= London School of Osteopathy =

Osteopathic school in London, England

The London School of Osteopathy (LSO) is an osteopathic school in Bethnal Green, London, England, that offers MOst / BOst (Hons) pathways, validated by Anglia Ruskin University (ARU). Through its partnership agreement with ARU, the LSO also has government (HEFCE) funding available for eligible students. The LSO is the only fully part-time osteopathic school to have a UK government funded integrated Masters programme in osteopathy.

== History ==
The LSO was founded in 1948 originally as the Croydon School of Osteopathy by Horace Jarvis. Its name was changed to the London School of Osteopathy in 1977.

- Key dates
- 1892 Still founds the first American School of Osteopathy in Kirksville.
- 1898 J. Martin Littlejohn, a student of Still, introduces osteopathy to the UK.
- 1948 Croydon School of Osteopathy founded.
- 1977 The school is renamed the London School of Osteopathy.
- 1993 The LSO validated as a BSc (Hons) degree course.
- 1993 The Osteopaths Act is passed.
- 1998 General Osteopathic Council (GOsC) opens its register to osteopaths.
- 2000 LSO is the first fully part-time course to gain accreditation from the GOsC.
- 2002 Degree validation by The University of Brighton
- 2008 Publication of the QAA Benchmark Statement for Osteopathy.
- 2009 Validation of award to new integrated Master of Osteopathy degree (MOst) with Anglia Ruskin University
- 2012 Replaced mixed-mode description with part-time and full-time pathways
- 2013 New LSO osteopathic clinic in Bethnal Green opens
- 2014 LSO launches new full-time MOst degree course in addition to existing part-time degrees
- 2014 Anglia Ruskin University confirmed as the validating body for a further 5 years.
- 2017 Osteopathy is recognised by NHS England as an Allied Health Profession
- 2018 Accreditation inspection by the QAA resulted in unconditional approval for the LSO
- 2019 Anglia Ruskin University confirmed as the validating body for a further 5 years
- 2019 The first class of full-time MOst students graduate after joining LSO in 2014

== Clinics ==
The London School of Osteopathy teaching clinic is based in Bethnal Green. It is here students at the LSO undertake their practical training. Training in the clinic starts from a students first term of study.
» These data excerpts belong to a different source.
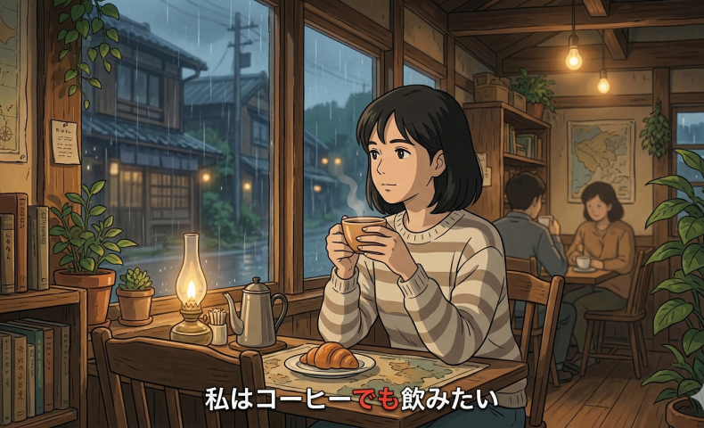 (1) わたしはこーひーでものみたい / のみたいです。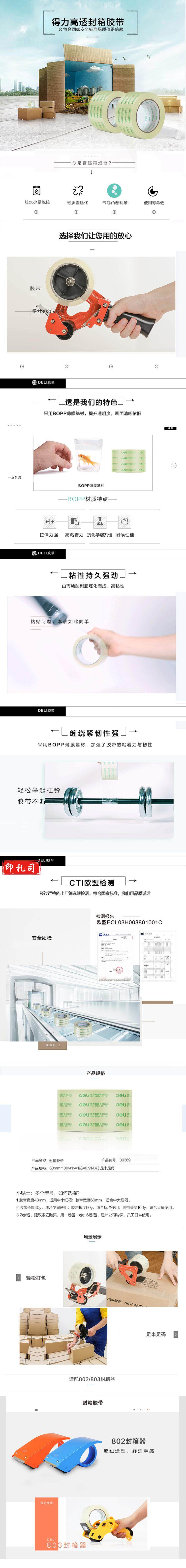 得力(deli)高透明封箱胶带 仓库打包胶带60mm*100y*50um(单卷)30369
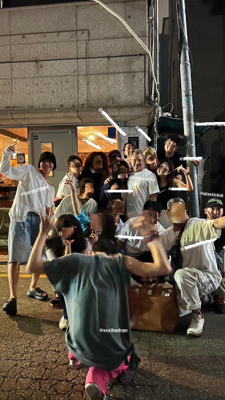 앞서 제이홉, 슈가, 지드래곤, 티아라 출신 효민 등은 톰 삭스의 전시회에 방문해 사진을 남긴 바 있다. 톰 삭스와 디너 파티를 즐기기 위해 이렇게 많은 이들이 모인 듯 하다.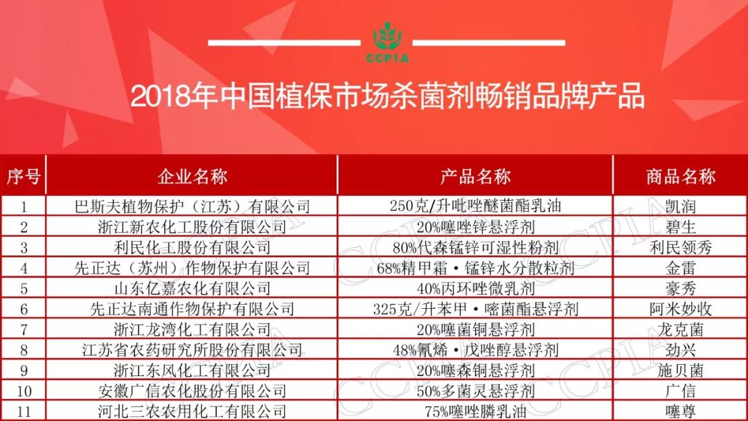 殺菌劑暢銷品牌產品中,巴斯夫凱潤(250克/升吡唑醚菌酯乳油)拔得頭籌,由我國自主創制的品種,新農股份碧生(20%噻唑鋅懸浮劑)和利民股份利民領秀(80%代森錳鋅可濕性粉劑)分別位列第二和第三。蘇研勁興(48%氰烯.戊唑醇懸浮劑)位列第八。山東億嘉的豪秀(40%丙環唑微乳劑)、浙江龍灣龍克菌(20%噻菌銅懸浮劑)、廣信農化廣信(50%多菌靈懸浮劑)等制劑產品也榜上有名。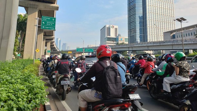 Cuti bersama dan libur Hari Raya Idul Adha 2023 telah usai. Kemacetan lalu lintas terjadi di Jalan Gatot Subroto, Jakarta Selatan arah Slipi, Senin (1/7/2023) pagi ini.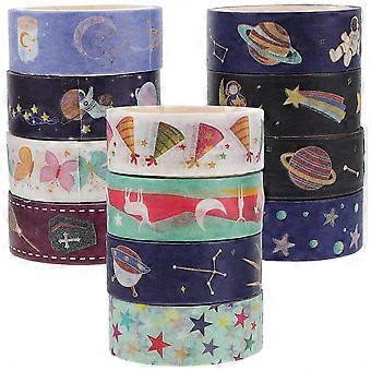 12 Rolls Universe Themed Aesthetic Washi Tape for Scrapbooking, DIY Crafts, Journaling & Creative Projects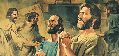 “With their backs sore and bleeding, their bodies chilled by the cold and dampness, their legs cramped and aching, hungry and sleepless and surrounded by the blackness of midnight, Paul and Silas who knew they were suffering for the sake of the true Gospel, could rejoice and praise the Lord. This they did at midnight, by praying and singing ‘praises unto God.’ Their voices rang out through the prison cells; and prisoners, hard hearted and sinful, listened in surprise to the first Christian hymn they had ever heard. The power of the Lord manifested itself not only in the hearts of His true servants, but in the entire prison and the town as well; for ‘suddenly there was a great earthquake, so that the foundations of the prison were shaken.’ All the bolts and bars at the doors fell from their sockets and the doors of the prison flew open, and ‘every one’s bands were loosed,’ but not a prisoner tried to escape.” (David O McKay, Ancient Apostles [Salt Lake City: Deseret Book Co., 1964], 187-8.)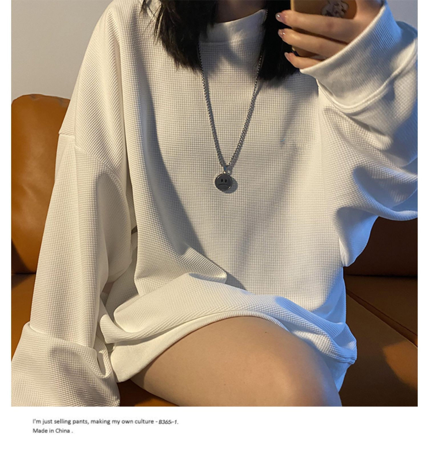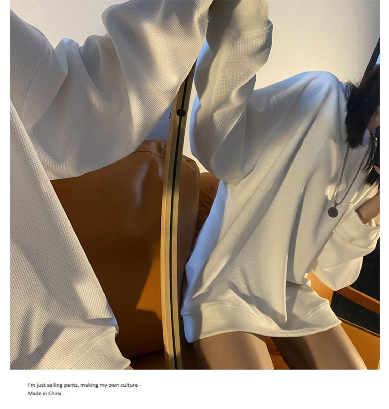 2025 와플 라운드 넥 긴 소매 운동복 가을 여성 크로스 보더 새로운 대형 셔츠 솔리드 컬러 탑 여성 도매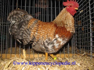 · Kleur en tekening van de haan Hals en zadelbehang, bovenrug, schouders en vleugelband warm roodachtig geel met lichtgrijze koekoektekening. Een lichtgrijze tint op de rug is toegestaan. Grote slagpennen: donker blauwgrijs, overdwars boogvormig onderbroken door licht blauwgrijze banden; bruine zweem is toegestaan. De buitenvaan van de kleine slagpennen die de vleugeldriehoek vormt is geelbruin en grijswit getekend Borst en buik: geel tot licht roodachtig met lichtere koekoektekening, een grijze zweem is toegestaan. Staart: donker blauwgrijs. overdwars boogvormig onderbroken door lichtgrijze banden, bruine zweem is toegestaan. Donskleur: grijs. · Kleur en tekening van de hen Halsbevedering goudgeel met zwarte schachtstreep die door een flauwe, lichtgrijze koekoektekening onderbroken wordt. Lichaamsbevedering licht roodpatrijs met vlokachtige koekoektekening die op de vleugels als lichte toeptekening kan voorkomen. Geelachtige flittertekening is toegestaan . Borst: roodachtig geel. Donskleur: grijs. ü Ernstige fouten bij de haan Een koekoek gekleurde en getekende borst- en buikbevedering; ontbrekende geelrode kleur in de lichaamsbevedering; onvoldoende kleur en tekening in de vleugeldriehoek. ü Ernstige fouten bij de hen Overheersend grijze kleur in de lichaamsbevedering, zwarte bovennekbevedering, anders dan roodachtig gele borstbevedering. o Fouten bij haan en hen Geringe afwijkingen in kleurdiepte en tekening. |

Over the course of their studies osteopathy students will spend at least 1000 hours training in the clinic. The London School of Osteopathy clinic offers treatment support to enhance the health of local residents and businesses. Appointments are available Monday - Saturday throughout the year. Osteopathic treatment is carried out by students under the supervision of fully qualified clinic tutors.

== Courses ==
Courses include:

- Osteopathy MOst full-time 4 year degree
- Osteopathy BOst full-time 3 ½  year degree
- Osteopathy MOst part-time (weekend study) over 5 or 6 years
- Osteopathy BOst part-time (weekend study) over 5 years

All students are initially enrolled on the MOst course. Students then have the option to choose to qualify with a BOst degree in their penultimate year of study.

The London School of Osteopathy is a registered Charity, whose objectives are:

‘the advancement of the science and practice of osteopathy for the public benefit and the education and training of persons in this subject.’